Jennifer Flanagan: We have not set aside money for anything right now because we don’t have any money.  In Chapter 55, the legislature determined that the revenue collected by the sale of marijuana is going to go to four different places, one of which is substance abuse.  My concern, given my background, is that we are going to have an increase in people searching for addiction services, and we have to be ready for that.  While people who have a heroin addiction have to go inpatient to be detoxed, that’s not the same type of process for someone who is on marijuana. 
We are very well aware of the homelessness issue that has gone on in Colorado, specifically what they call the young adult and the emerging adult homeless population.  We were also aware that some of the schools had an uptick in the applicants because people thought it would be interesting to go to Colorado to go to college, and so we are looking at that type of information so that we can collect data as we move forward from the first day of the opening of our stores.  We are very well aware of what’s going on in Colorado and we are trying in our own little pockets around the state to prepare for what could happen, but not the Commission specifically, just by themselves. 
The one thing I can add to that, though, is that the Commission has been very proactive – and all five Commissioners have been very proactive – in partnering with the communities.
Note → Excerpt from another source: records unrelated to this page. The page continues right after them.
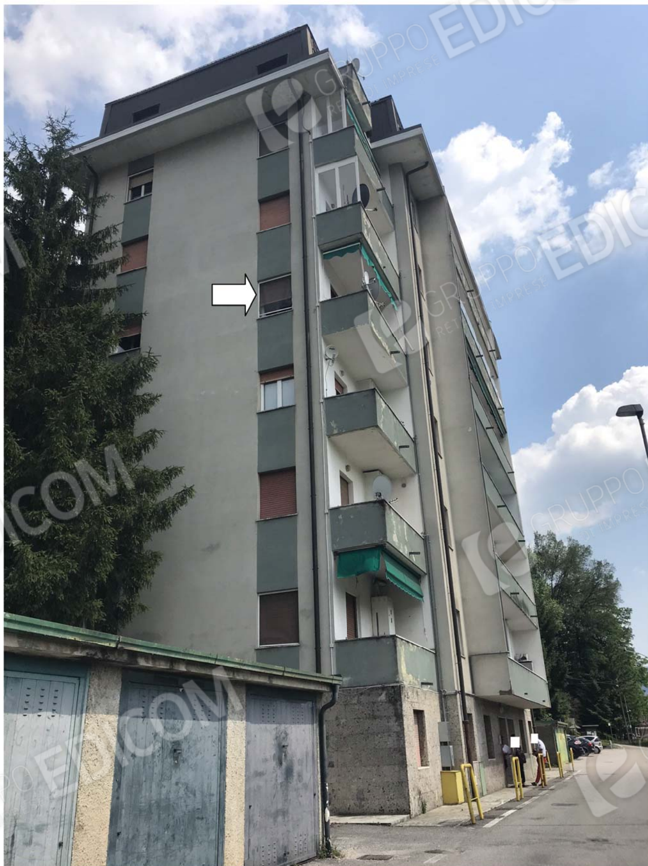
Foto 3 – Il complesso nel contesto e indicazione dell'unità in oggetto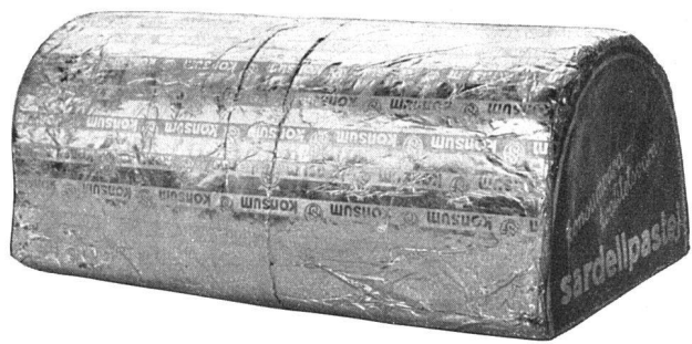
Konserven- och Lebensmittelpackungen der Kooperativen Gesellschaft. Vorbildliche Packungen: einheitlich ohne Schematismus, grafisch gepflegt, ohne kunstgewerbliche Mätzchen, von einer Modernität, die selbstverständlich und nicht gesucht wirkt.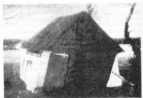
Bagehuset i Terp, vestside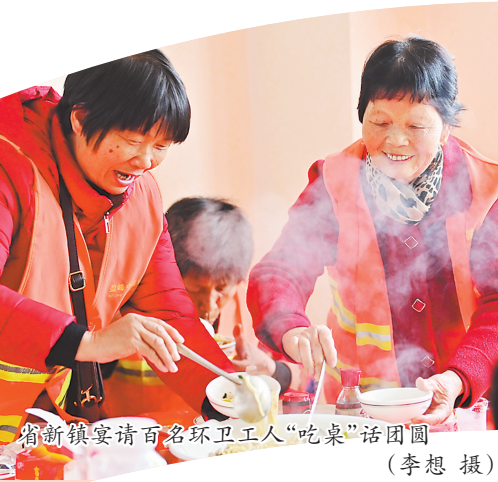
省新镇宴请百名环卫工人“吃桌”话团圆

南安还持续开展招商引资、公益慈善,掀起干事创业的热潮,开展“3+10”新春系列招商活动,通过“现场考察+集中签约”实地推介、招商恳谈会及“招商+”等专场活动吸引企业家们投资兴业。与此同时,社会各界情系桑梓,回报家乡,积极为医疗、教育、基础设施等领域慈善捐款,助力公益事业发展。截至目前,该市共开展超30场新春招商座谈会、19场次集中签约大会,吸引186个项目参加签约,总投资额达690亿元;举办公益慈善活动近100场,认捐善款超1亿元。(林婧 陈鑫伟 尤朝英)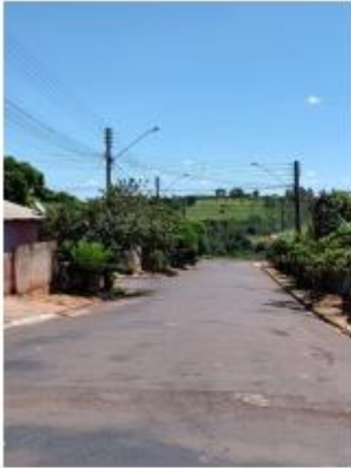
Foto 23 – Rua Sebastião Pereira, trecho entre a Rua Sebastião Pereira e Av. Leão Miguel Banwart

Avenida Campos Salles, 113 – CEP 17760-000 - Inúbia Paulista - Estado de São Paulo.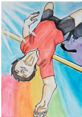
令和4年度 障がい者週間のポスター 小学生部門 最優秀賞作品

障がいのある人となない人との心のふれあいをテーマにした①作文または②ポスターを募集。対象は市内在住・在学の①小学生以上②小・中学生。申込方法など詳しくは HP をご覧ください。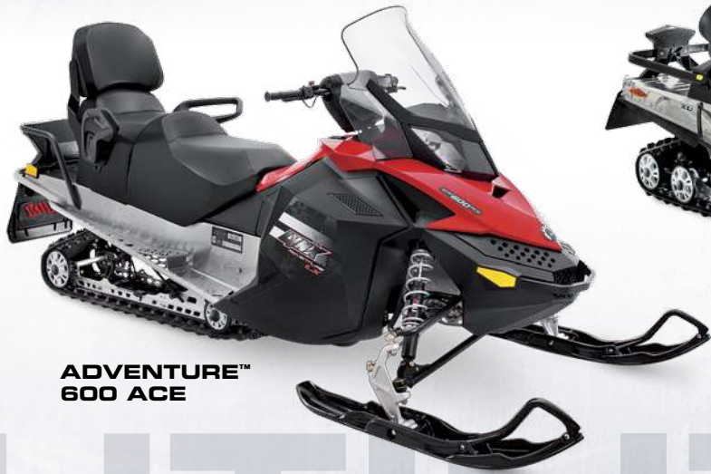
ADVENTURE™ 600 ACE

We know that we can’t do this by ourselves.  We realize we can’t do this by ourselves.  We know that we have to work with the Department of Public Health, the Department of Public Safety.  We’re working a lot with the Department of Agriculture, so we know that we have to go where people are and try to extract data as much as we can. 
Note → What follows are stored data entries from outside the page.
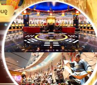
ห้องลับ วัดหวังต้าเซียน

การ์นตรี พักย่านแหล่ง Shopping Tsim Sha Tsui , Mong Kok , Jordan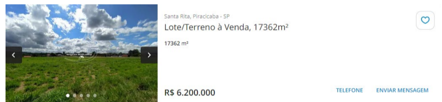
Amostra 03 em 17/12/2024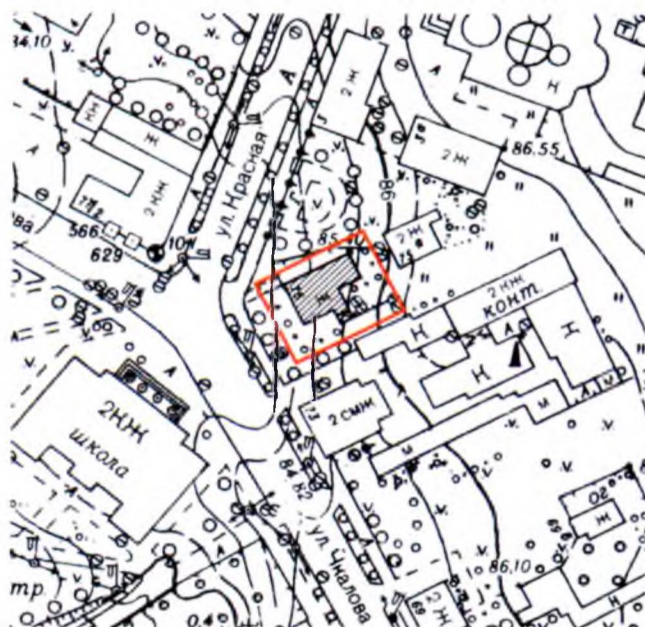
Схема характерных точек границ территории объекта культурного наследия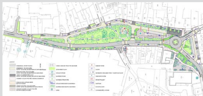
■ Architektonická situace prostoru náměstí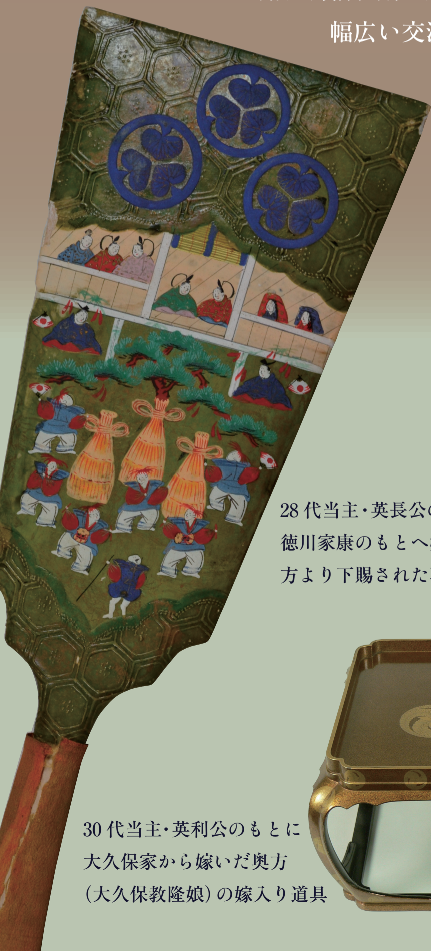
28代当主・英長公の養女として 徳川家康のもとへ嫁いだお万の 方より下賜された羽子板

Question: Of the revenue or the revenue that you anticipate from this, is there any that is designated for or carved up in any way for preventing youth use or homeless or any other kind of social ills that there have been some findings on?
Jennifer Flanagan: Yes, the revenue is going to go to the General Fund.  It’s been determined that the revenue from the marijuana sales is going to be cut up, and substance abuse is the first thing on that.  Also, I believe, drunk driving and education and things of that nature.  Having been part of the Senate, they’re pretty well aware of what could happen, and I think that they’ve been flexible in listening to what we may need as we go forward. 
We’re also going to have what’s known as the Marijuana Trust Fund, which means that we keep some of that revenue, and we keep that revenue so that we can have the community outreach staff member, have a research agenda, possibly get the IRBs (Institutional Review Boards)  involved, making sure that all of the work that we do is validated.  We’ve also committed to doing a yearly conference on marijuana research, and our Research Director will then partner with other people to have a national conference come to Boston.  So we are very proactive in trying to anticipate where the money will absolutely be needed moving forward. 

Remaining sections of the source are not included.